We now have had our McAfee SIEM for 10 months V9.4 HF3. Last couple of months we have been struggling to keep the system afloat, with a list of issues, but the primery issue seems to be loss of data after a database rebuild. Symptoms are normally the same, the system will freeze or logs\events will stop coming into the ESM GUI ( viewable). This will cause us to try and restart the services, cpservices stop and start. But most of the time the services wont stop, will hang on cpservices stop forever and wont get to prompt.

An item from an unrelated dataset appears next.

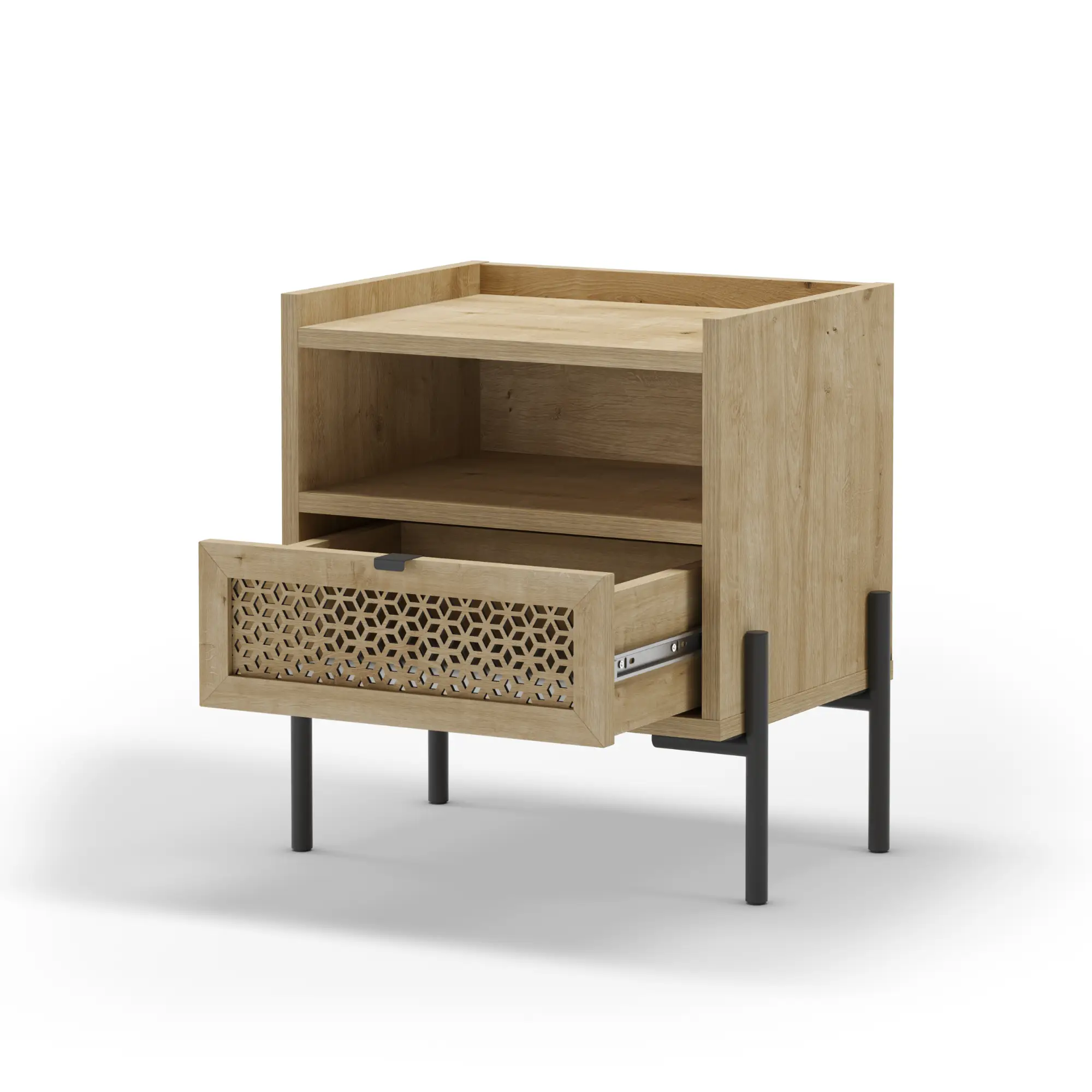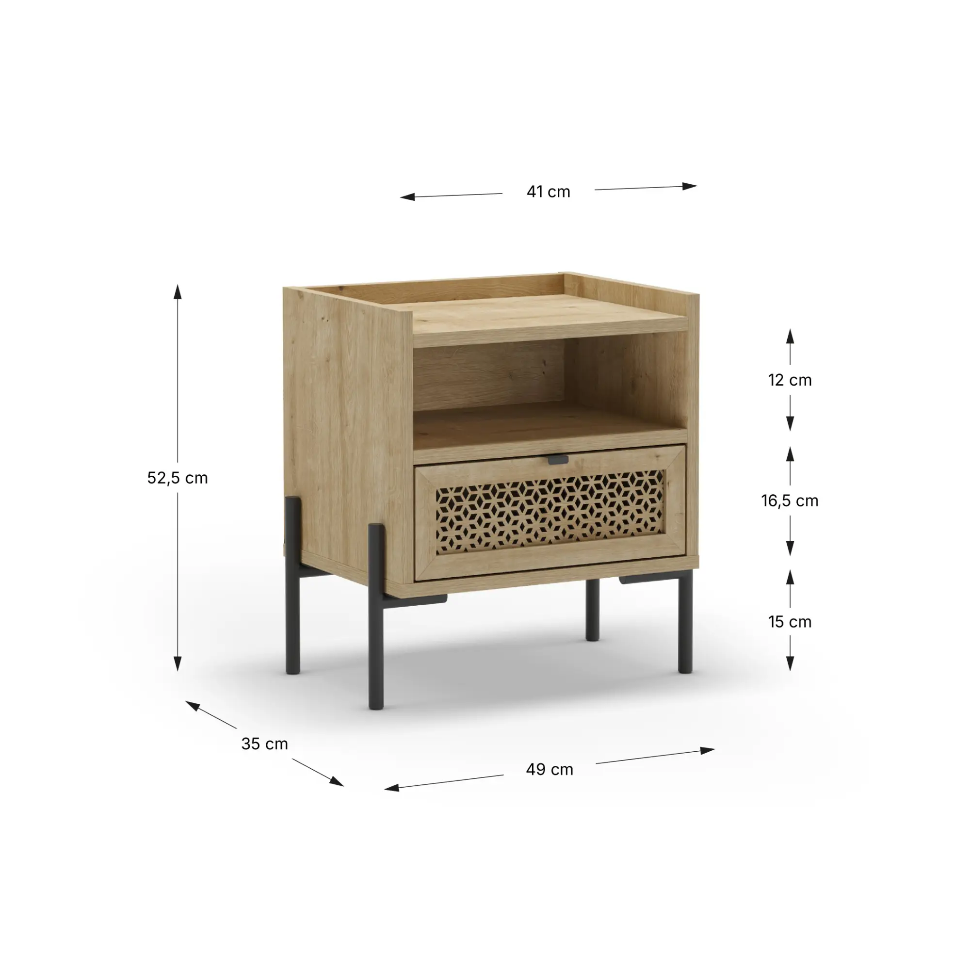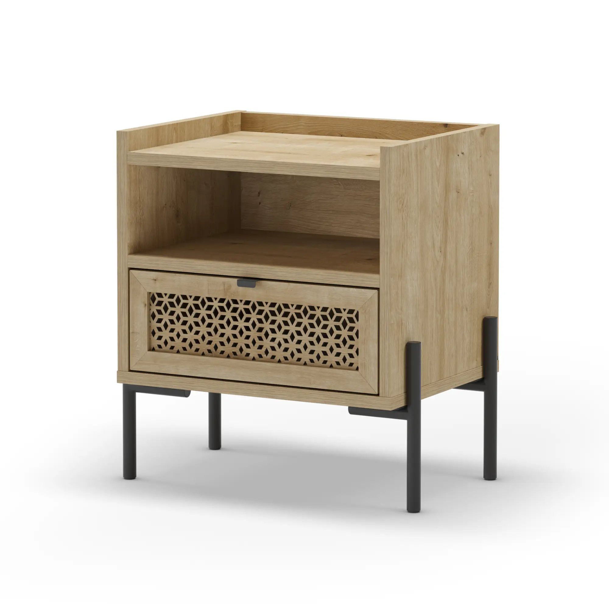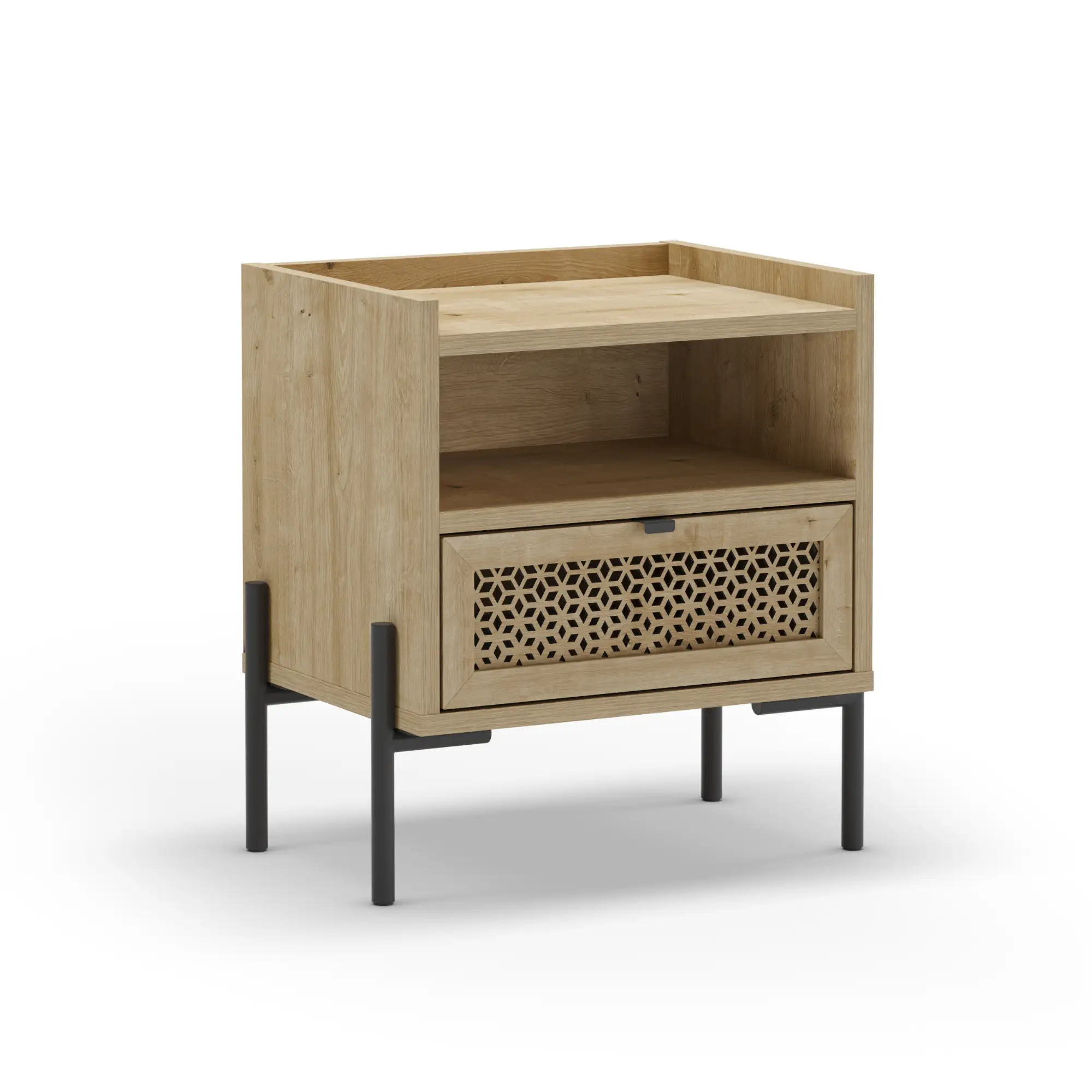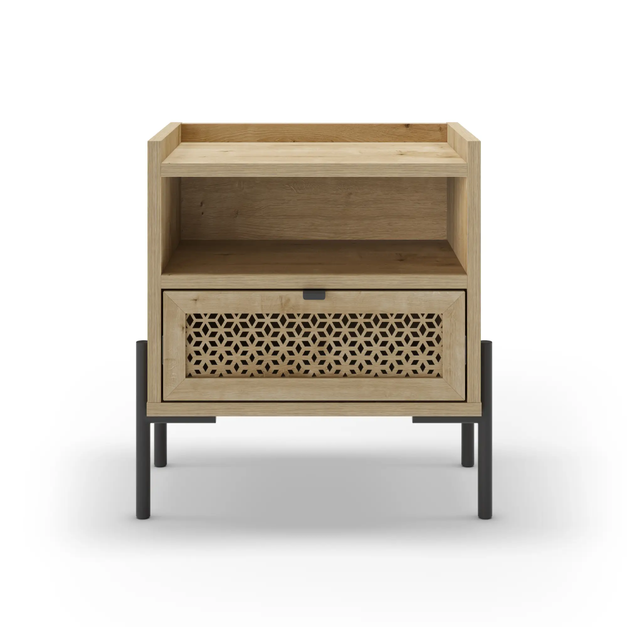 La Mesita Inca fusiona calidez y diseño industrial en una pieza compacta y funcional. Gracias a su combinación de cajón y hueco abierto, es la solución perfecta para mantener tu dormitorio organizado con estilo.
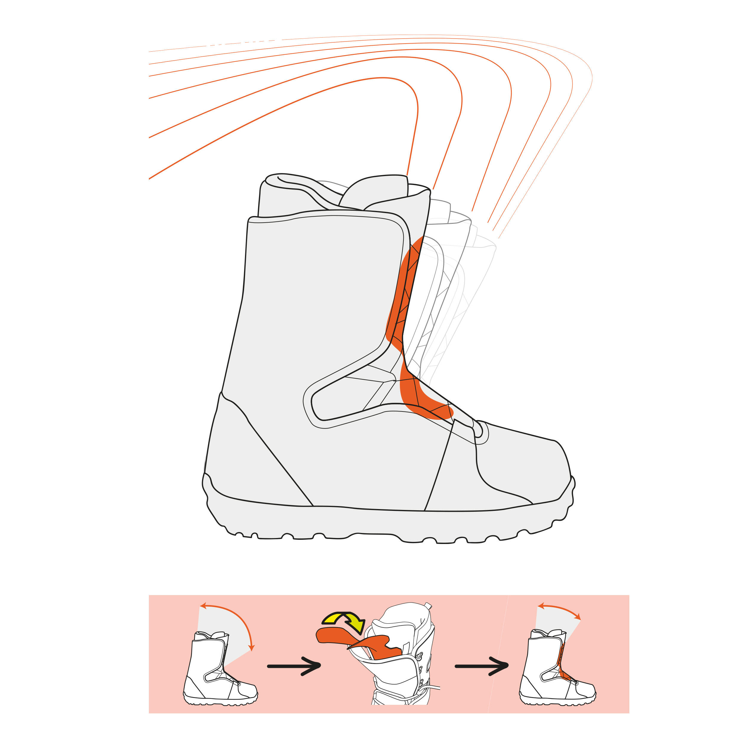 ou are a beginner in snowboarding, you have chosen boots for beginners, but after 10 days you feel that you have made good progress and the carving turns tempt you: raise your boots up a level with the Flex Up!

So we will then have to force a reboot, when i say force a reboot, often the reboot command wont reboot the server first time and you have to enter reboot command twice... a little strange.
However the outcome after a reboot is the database rebuild, now just to make things clear, we are currently forced to reboot the ESM once or twice a week ( over last months), but a rebuild can also occur between reboots automatically. My assumption is that the rebuild fixes errors with the DB, but more than often, when this occurs i get millions of logs and events wiped from the GUI.
As a current example, this week i have been monitoring the system, logs and event have been coming in as expected Mon - Fri, i checked the DB with command
DBCheck -d '/usr/local/ess/data/ngcp.dfl|127.0.0.1|1111' –c all was fine, no errors reported
then Friday evening logs stopped coming in, so tried to restart service. But cpservice stop command, just hung for 3 hrs, so had to reboot. The ESM went into rebuild database mode and when finished, i lost all events from Monday and Tuesday of that week. But they were there before!!!!!
Been working with McAfee support,, regarding issues around partitions, but this problem isnt going away. To add to this, im thinking that this issue is also causing corruption of files, as over problems are starting to develop like, error when trying to enable syslog auto learn, and some other rules based errors.
Anybody have similar issues and how was it resolved.